My son Alex is now 12 years old and was diagnosed with Duchenne shortly before his 4th birthday.
Since diagnosis I have been closely monitoring clinical trials, and when the PF-06252616 Domagrozumab phase 2 trial came up, we asked if Alex would be eligible to take part. Luckily he was and he was the first boy in the UK and only the 6th boy in world to be enrolled. This meant that we had to attend quite a few appointments in the run up the trial start period and Alex got to find out lots of information about what would be required from him. He couldn’t wait to start!
Alex took part in this trial to evaluate the safety and efficient of PF-06252616, a myostatin inhibitor for 2 years. We had no idea if Alex was on the drug in the first year, but we were guaranteed to have the drug the following year. Alex is still taking part in the extension trial and has been attending monthly visits to Newcastle Royal Infirmary since we started back in 2016. We love visiting the team, headed up by Michela Guglieri, they make our visits feel very special. Alex has been an absolutely super star throughout, taking monthly drug infusions without any trouble whatsoever. He’s also had lots of MRI scans, heart scans and tests to check everything is okay. Pfizer covers the costs of our travel and accommodation which helps us financially.

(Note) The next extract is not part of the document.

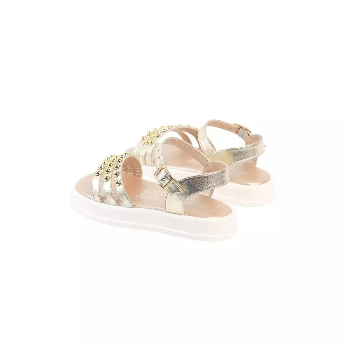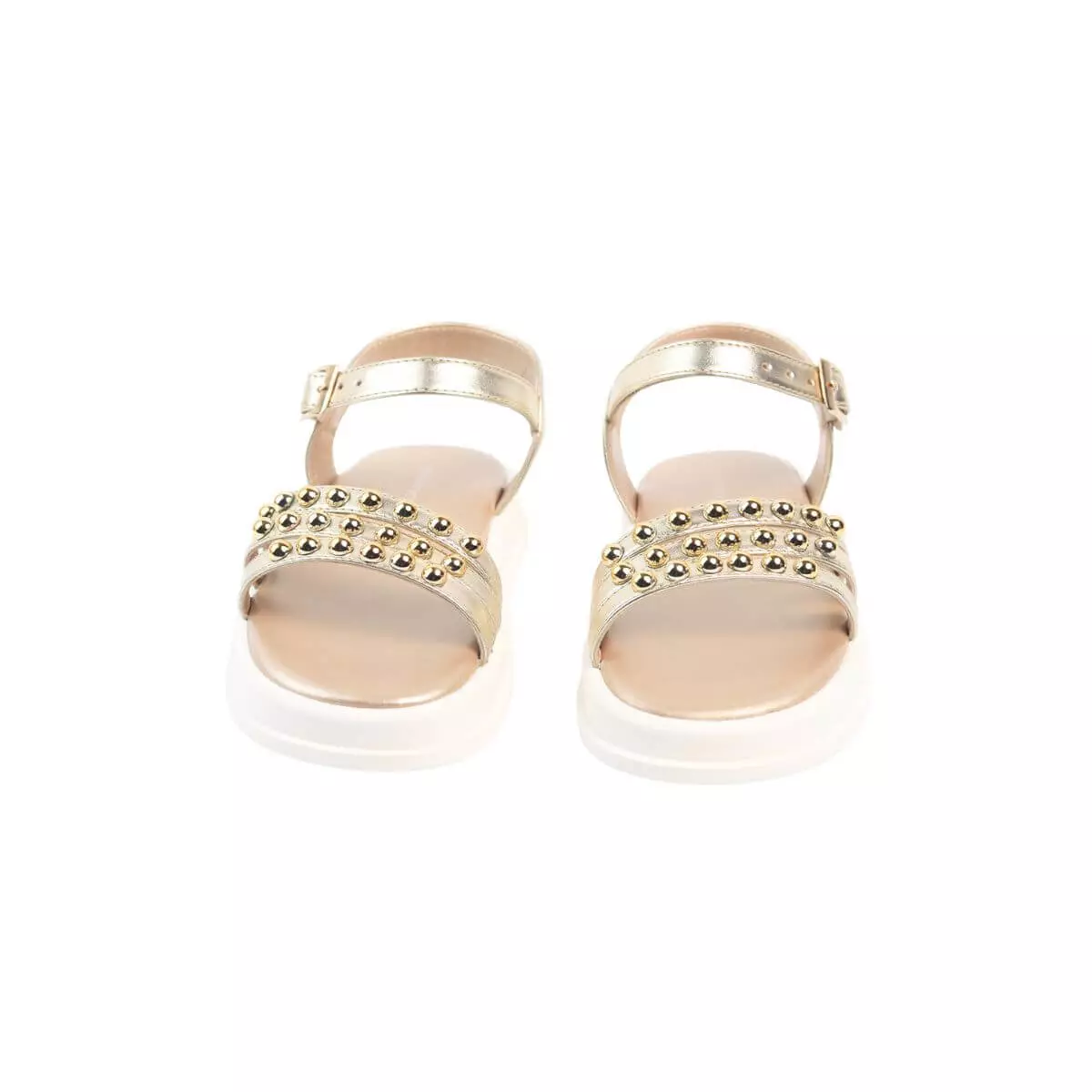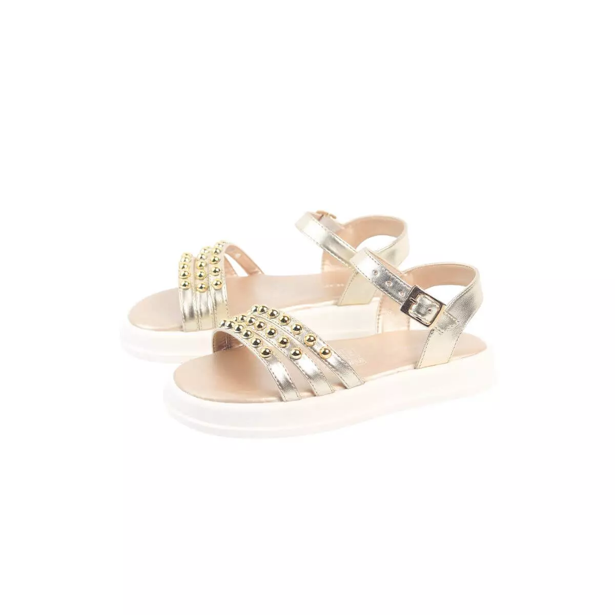 Sandalias para niña en un sofisticado tono dorado metálico con diseño moderno y llamativo. Presentan tiras frontales decoradas con apliques de tachuelas doradas, añadiendo un estilo audaz y elegante. Cuentan con una correa ajustable con hebilla metálica para un ajuste seguro y una suela blanca elevada que proporciona comodidad y un toque contemporáneo. Ideales para complementar atuendos casuales o de fiesta, estas sandalias combinan practicidad y un diseño chic, perfectas para destacar en cualquier ocasión especial.

What we love most about taking part in this clinical trial, is that Alex is seen by specialists in the field of Duchenne every single month – it gives us so much reassurance knowing that his care is looked after so closely. We would never had received this level of care without taking part in the trial. I always have someone to ask questions about any changes in his ability. We’ve met some great friends too and we love Newcastle – it’s like our second home. We will continue to stay on the extension trial until we are told that he can no longer be on it.

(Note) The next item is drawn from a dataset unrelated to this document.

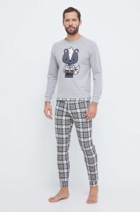 Бавовняна піжама United Colors of Benetton колір сірий візерунок
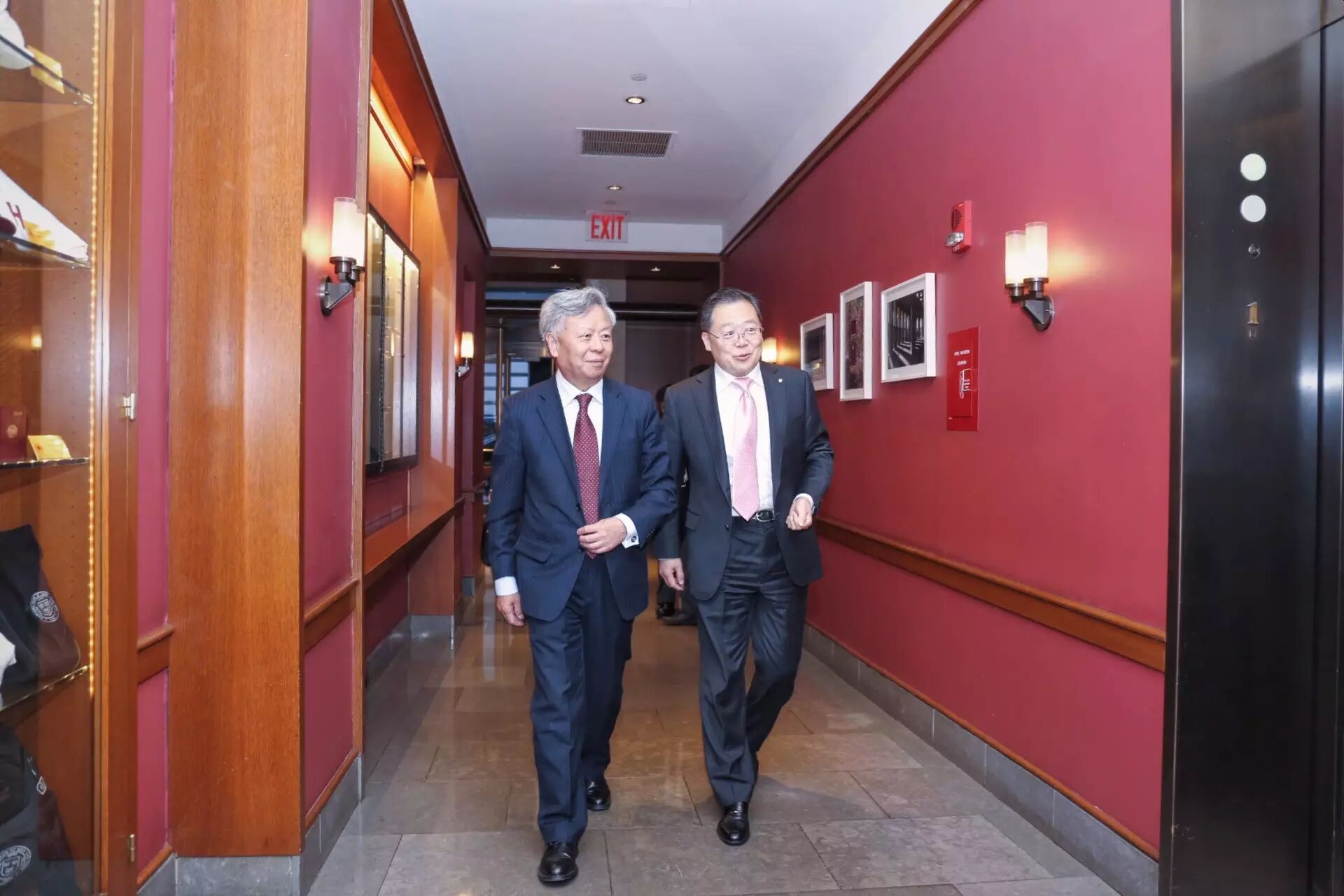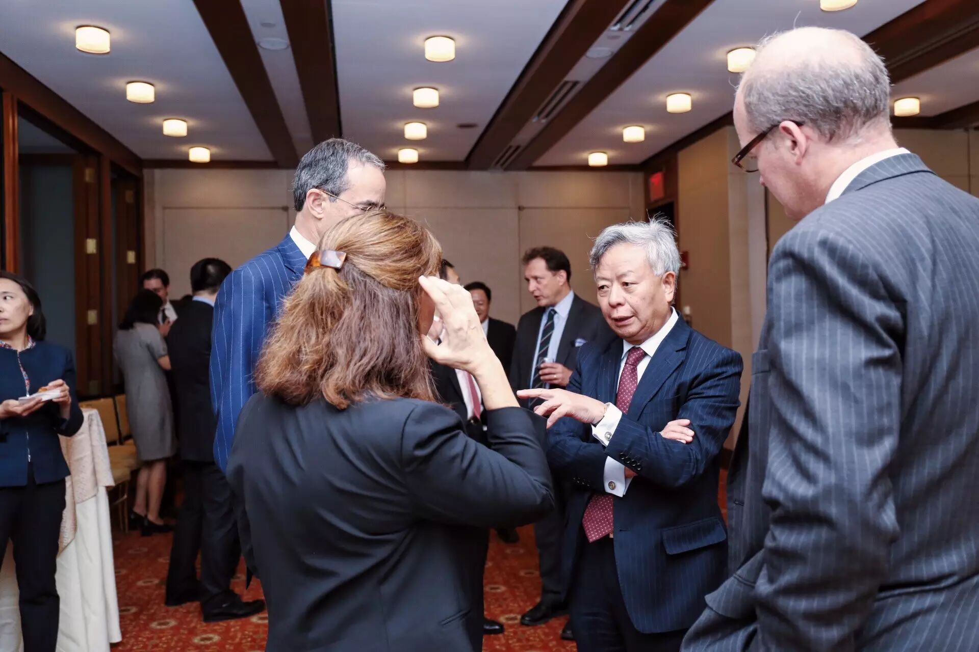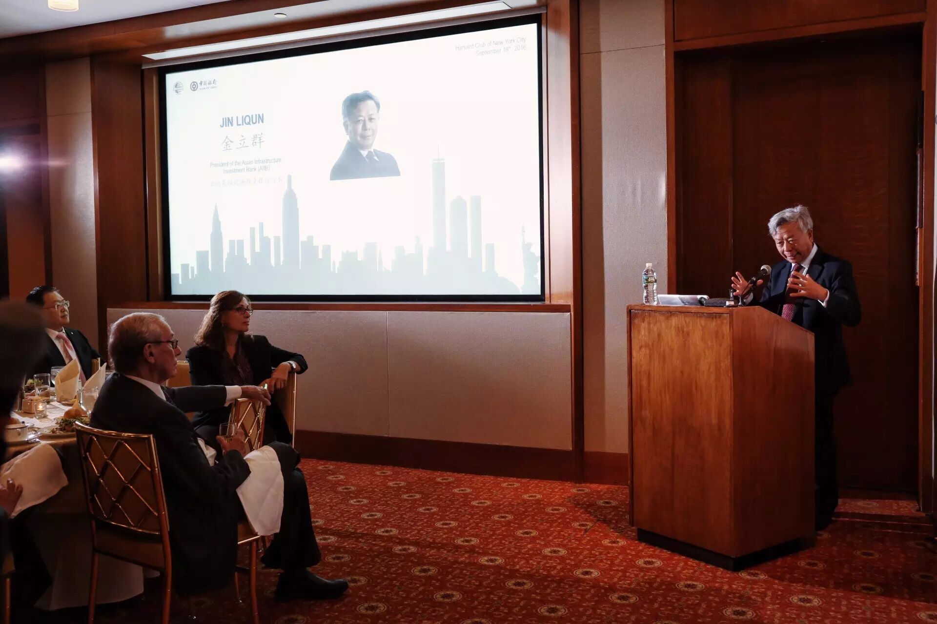 9月16日晚,美国中国总商会(以下简称总商会)特邀亚洲基础设施投资银行行长金立群做客美国中国总商会“名家讲坛”,在纽约哈佛俱乐部发表“一带一路及亚洲新机遇”的演讲。中国驻纽约总领馆经济商务室周善青参赞出席晚餐会,美国中国总商会会长、中国银行美国地区行长徐辰主持并致欢迎辞,中国人民银行美洲代表处首席代表宋湘燕,富国银行首席执行官Jonathan Weiss,Promontory Financial Group高级顾问、前摩根士丹利联席总裁Zoe Cruz等30余位中美工商界代表出席。

It gives Alex so much hope for his future – he believes the drug is working, which is fine by me. He does know that there are no guarantees, but as long as he feels positive about things I can only see the trial benefiting him.

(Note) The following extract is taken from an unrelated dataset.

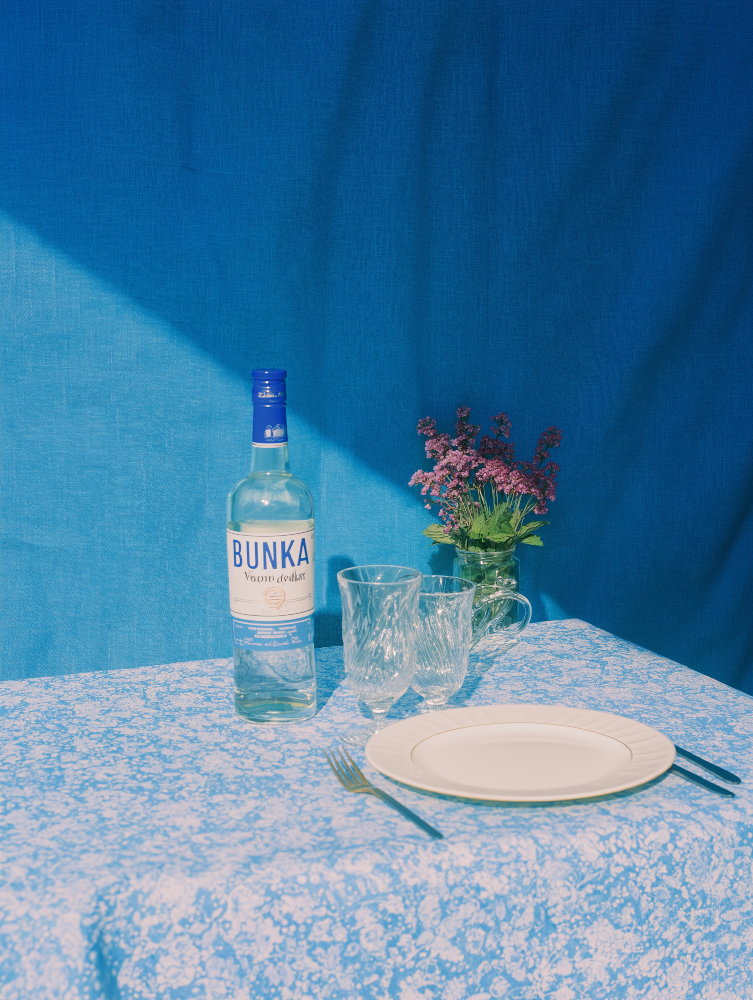 A stylish table setup with a blue theme, featuring a vodka bottle, glasses, a plate, and a vase with flowers on a patterned tablecloth.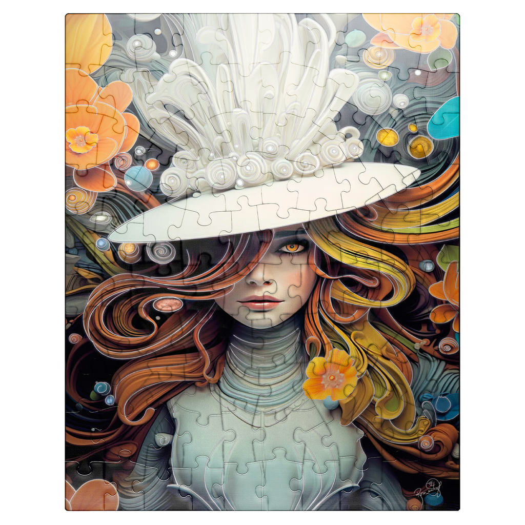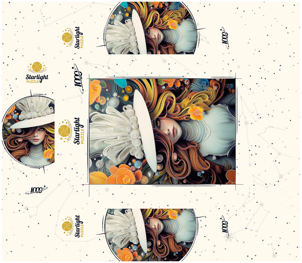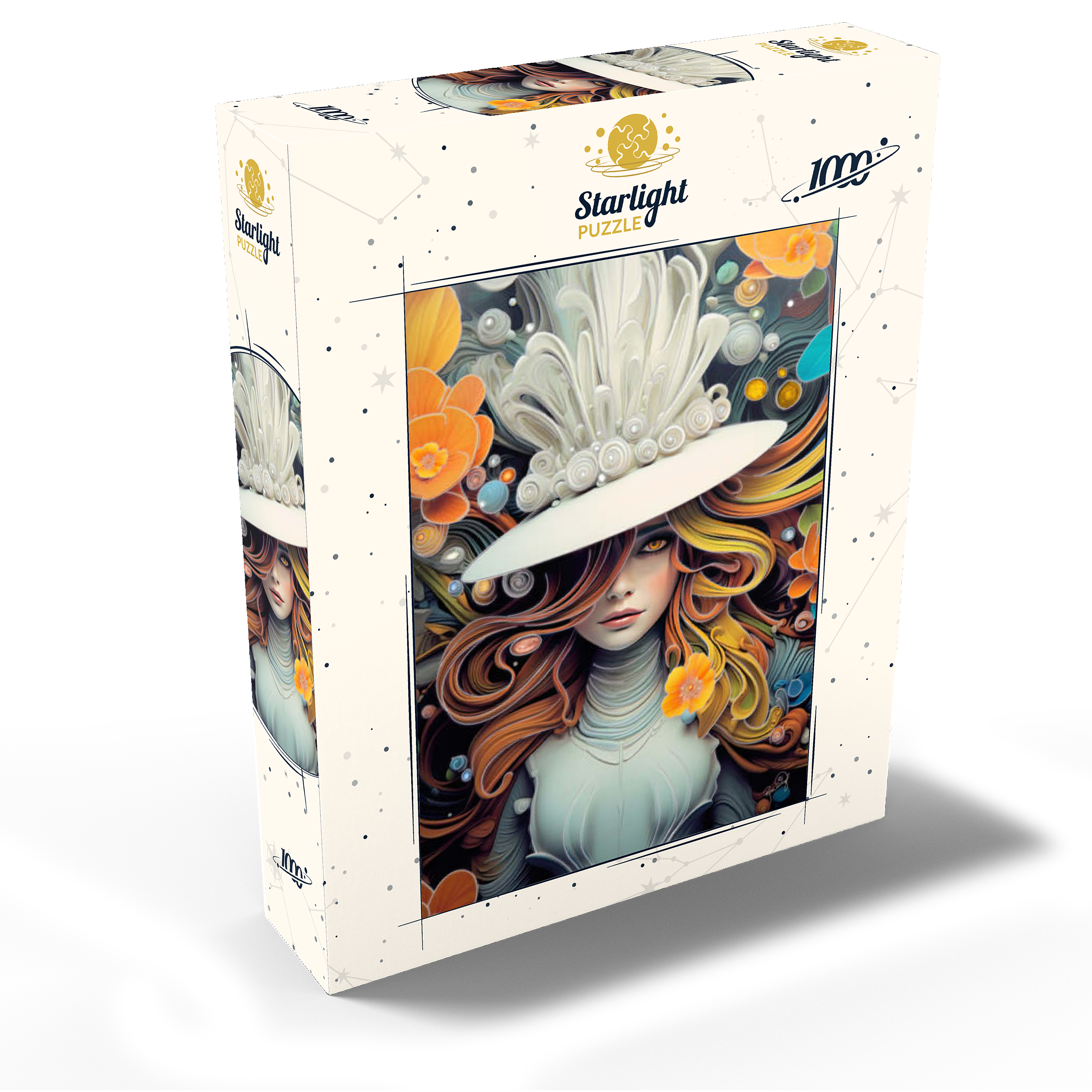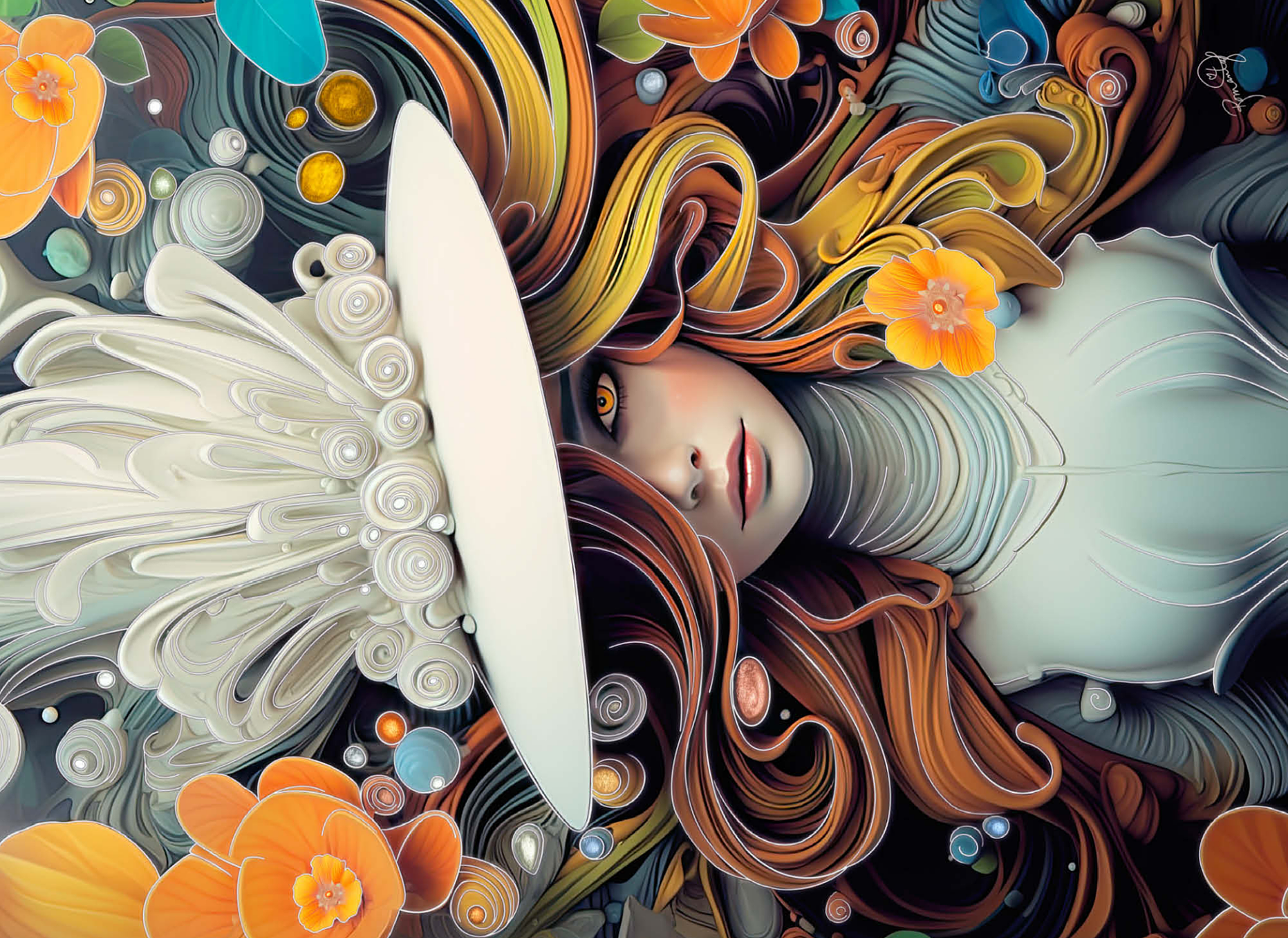 An enchanting digital artwork of a mysterious woman with piercing golden eyes, partially veiled by a grand white hat adorned with swirling feather-like elements. her flowing auburn and golden locks blend seamlessly with floral and abstract motifs that swirl around her. the color palette features rich creams, warm yellows, and soft oranges, creating a dreamlike, fantasy-inspired aesthetic. the piece merges elegance and surrealism, making it a striking visual that evokes wonder and sophistication.

I would urge anyone to take part in a clinical trial, if anything it will help us all better understand Duchenne and ultimately help bring about new treatments for all children. I would say not to let concerns worry you, just speak with the trial co-ordinator and take things from there. Without clinical trials, we cannot expect new drugs to become available, we must take part to help this generation – and certainly the next.